> [WORK INSTRUCTION] In the material below, pictures must be dropped. Repeat exactly, and only, the lines from the line with "Co-Founder & CEO Additio App" to the line with "Enable scanning MSI barcodes", both ends included.

> [DATA PROVIDED]
----------

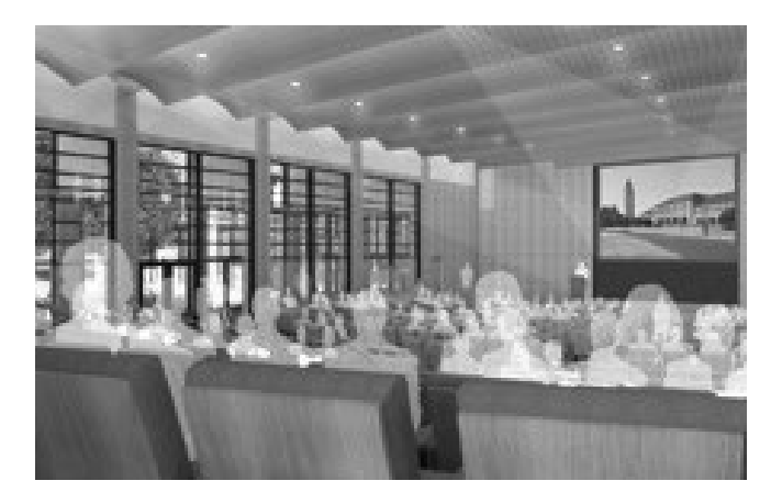
Figure 3. White hegemonic space. (Source: rendering of the Everett and Jane Hauck Auditorium of the Hoover Institution at Stanford University, CA, https://www.hoover.org/events/century-ideas-tax-and-monetary-reform-ideas-actions-over-one-hundred-years)

Until we accept this premise, we perpetuate a hegemonic racism.
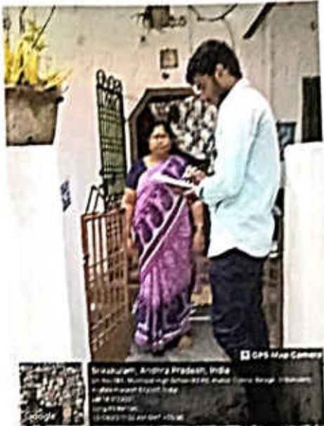
Srikakulam, Andhra Pradesh, India GPS Map Camera 2019-07-10 10:00:00 AM GMT +05:30
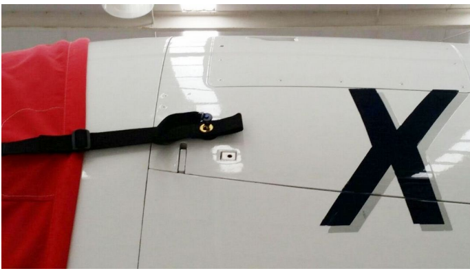
Challenger 300 Intake Covers
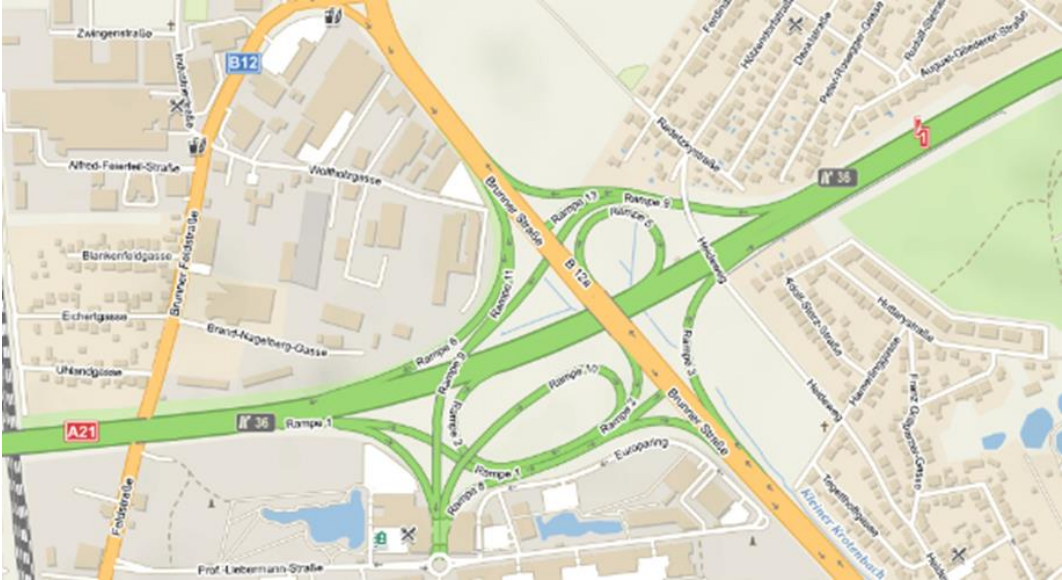
Fig. 2 – Map background for crossing A21 and B12a.

The elevated crossing of the A21 motorway and the B12a road is located east of the town of BrunnamGebirge, in the province of Lower Austria and near the border with Vienna. This crossing mainly serves to connect the A21 and B12a roads mentioned here. Furthermore, this crossing serves as an arrival to Europaring, where there are various companies and hotels. In addition, the ultimate and essential purpose of this crossing is the arrival of vehicles from the A21 motorway to the already mentioned town of Brunn am Gebirge. (Asfinag, 2019)
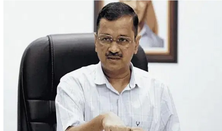
In 2018, the Supreme Court banned diesel and petrol vehicles

The government will deploy 530 water sprinklers to prevent dust pollution and 385 teams will check vehicles' pollution certificates and prevent the plying of overage cars.
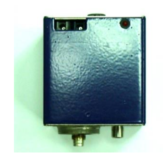
Fig 5.1 Photo of DAE

The input impedance of the DAE is 200 MOhm; the inputs are symmetrical and floating. Common mode rejection is above 80 dB.
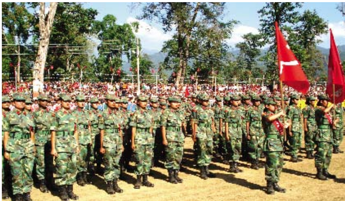
Women PLA soldiers performing march-past parade during the inauguration ceremony

The event was inaugurated by Comrade Prachanda by hoisting the PLA flag and kickstarting an entertaining football game where two teams were trying to score goals in posts named Democratic Republic! The PLA artist performed songs in between. There were march-past parades, a mock camp raid conducted by 18 PLA special commandos and a lot more. ■
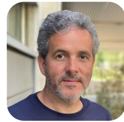
Co-Founder & CEO Additio App
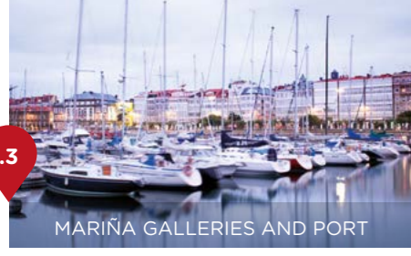
MARIÑA GALLERIES AND PORT
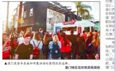
▲澳門美食車在舊金山加開展活動時獲得熱烈反應。

【僑報訊】為了展示澳門文化、美食與旅遊，由澳門政府旅遊局主辦的「澳門美食車」活動，將於5月30日至6月3日，在舊金山為期五天的免費美食車活動。澳門美食車將以全新面貌和文化底蘊，吉祥物「康康」將與多個金山5個澳門美食攤位，讓市民能親身體驗澳門多元文化。此外，活動還將配合「澳門美食車」活動，讓市民能親身體驗澳門多元文化。
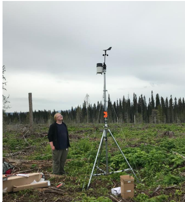
Climate station installation within Research Forest Unit K (Willow River)

This collective CNC employee effort and funding support from the CNC Research Forest Society is maintaining a continuous CNC capacity to undertake a breadth of applied research and innovation projects focused on natural resources and forestry while ensuring improved educational opportunities for NRFT students. For multiple years, this effort has allowed CNC to plan and implement a high number of concurrent applied research projects with regular CNC student involvement. In the upcoming years, CNC is expecting a significant increase in new applied research projects, involving external research funding and additional partners throughout the CNC Region.
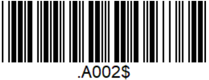
Enable scanning MSI barcodes

Enable all symbologies (ensures all supported codes can be scanned; to enable particular symbologies only, scan the appropriate codes from the user guide.
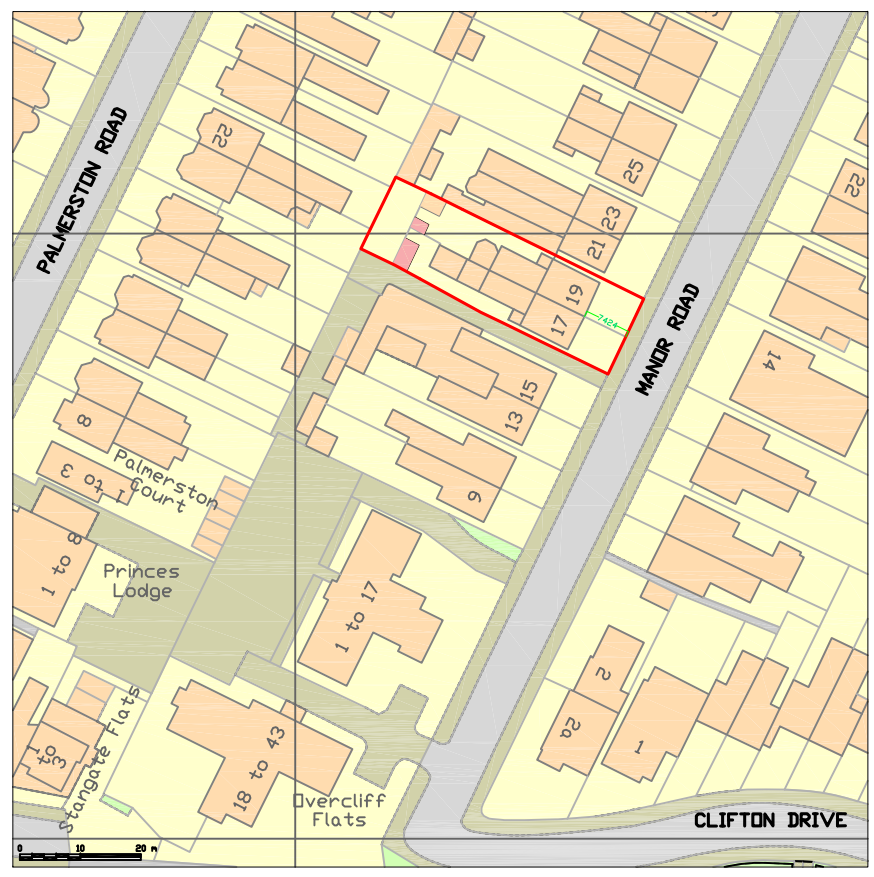
SITE LOCATION PLAN Scale: 1:1250
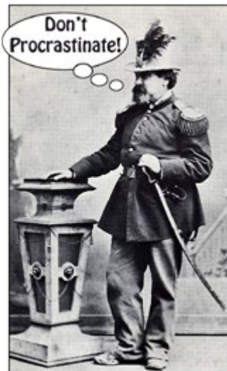
Another decree from Emperor Norton I of San Francisco
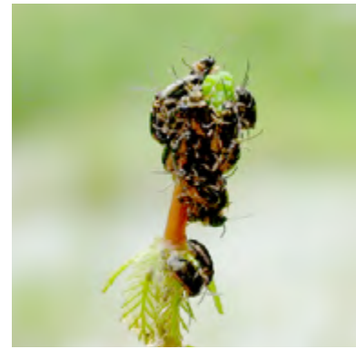
Adult leaf beetles ( Lysathia sp.) attacking the emergent shoots of parrot's feather

Despite much of BC being extremely cold, the region around Vancouver, Vancouver Island and Fraser's Valley has a relatively warm climate influenced by the ocean. This may work to our advantage and allow biological control agents to establish and control parrot's feather. Currently there are two potential agents which originate from Argentina at our disposal, the defoliating chrysomelid beetle Lysathia sp. and the stem-mining weevil Listronotus marginicollis . We plan to import Lysathia sp. from the mass rearing facility, run by the Centre of Biological Control (CBC), Rhodes University in South Africa to CABI Switzerland in the next few weeks and initiate host range testing as well as thermal physiology studies. Currently we have been working on boosting our cultures of parrot's feather in anticipation of the insects to arrive. In addition to this we are sourcing and propagating various test plant species that are considered critical to be tested with these agents in a Canadian context.
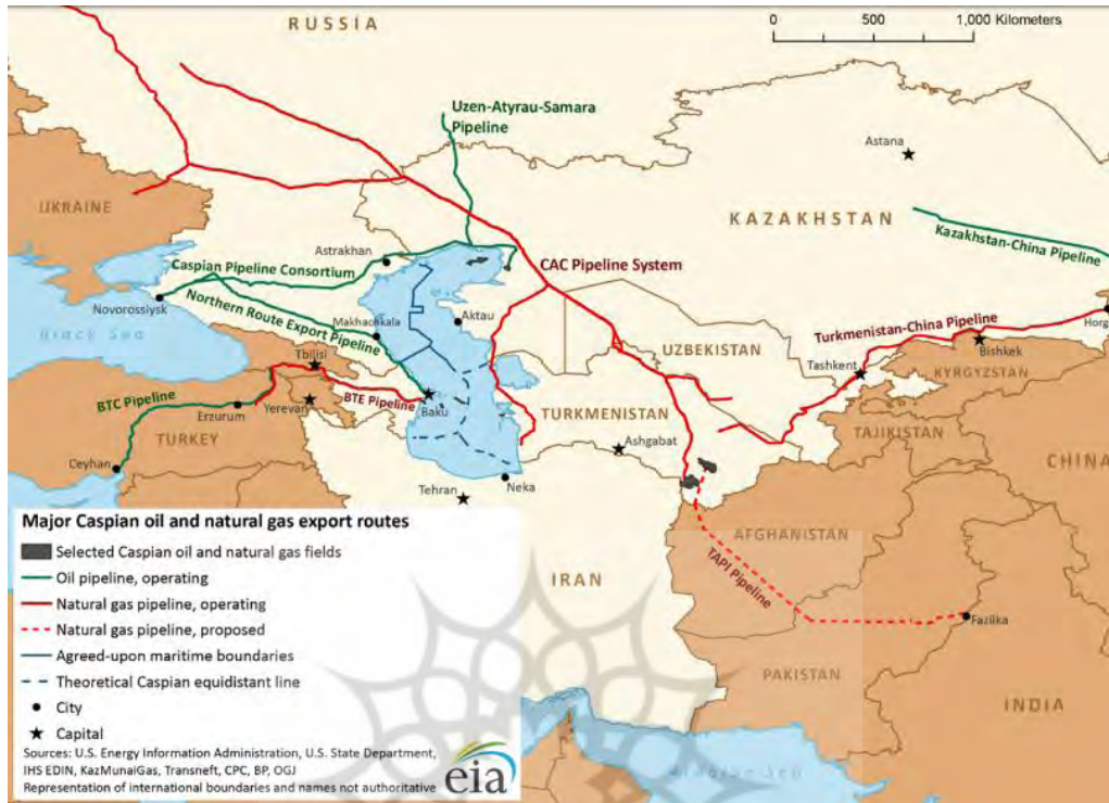
Fig 2: Caspian Basin Pipeline Map Source: (Overview of oil and natural gas in the Caspian Sea region, 2013)

great importance in oil and natural gas supply and energy geopolitics of both European and Asian markets.
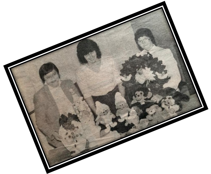
Showing the Smurf Characters for sale at the 1988 Bazaar
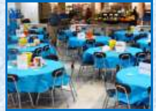
Reserved Dining Area
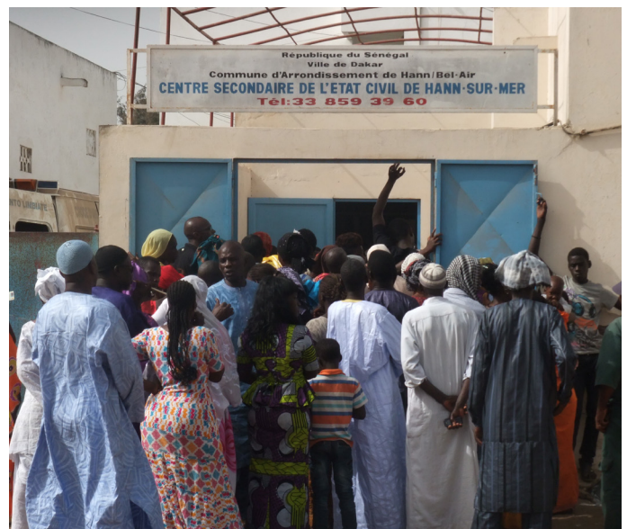
Large crowds gathered throughout the day for the special session of the judge to regularise the kids' birth certificates

The problem with school drop-outs in Senegal is reaching into every corner of the country. In the preparation of last year's World Ocean Day activities in the fishing village of Hann, we were more regularly confronted with the fact that kids without birth certificates could not complete their secondary education and thus see their chances for better futures jeopardised. From a few initial labour-intensive test-cases solved last year, it became clear that a more systematic approach would be needed, even though the
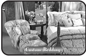
Calico Corners "Fabrics, Furniture..."

----------

> [SOLUTION]
Co-Founder & CEO Additio App
MARIÑA GALLERIES AND PORT
▲澳門美食車在舊金山加開展活動時獲得熱烈反應。

【僑報訊】為了展示澳門文化、美食與旅遊，由澳門政府旅遊局主辦的「澳門美食車」活動，將於5月30日至6月3日，在舊金山為期五天的免費美食車活動。澳門美食車將以全新面貌和文化底蘊，吉祥物「康康」將與多個金山5個澳門美食攤位，讓市民能親身體驗澳門多元文化。此外，活動還將配合「澳門美食車」活動，讓市民能親身體驗澳門多元文化。
Climate station installation within Research Forest Unit K (Willow River)

This collective CNC employee effort and funding support from the CNC Research Forest Society is maintaining a continuous CNC capacity to undertake a breadth of applied research and innovation projects focused on natural resources and forestry while ensuring improved educational opportunities for NRFT students. For multiple years, this effort has allowed CNC to plan and implement a high number of concurrent applied research projects with regular CNC student involvement. In the upcoming years, CNC is expecting a significant increase in new applied research projects, involving external research funding and additional partners throughout the CNC Region.
Enable scanning MSI barcodes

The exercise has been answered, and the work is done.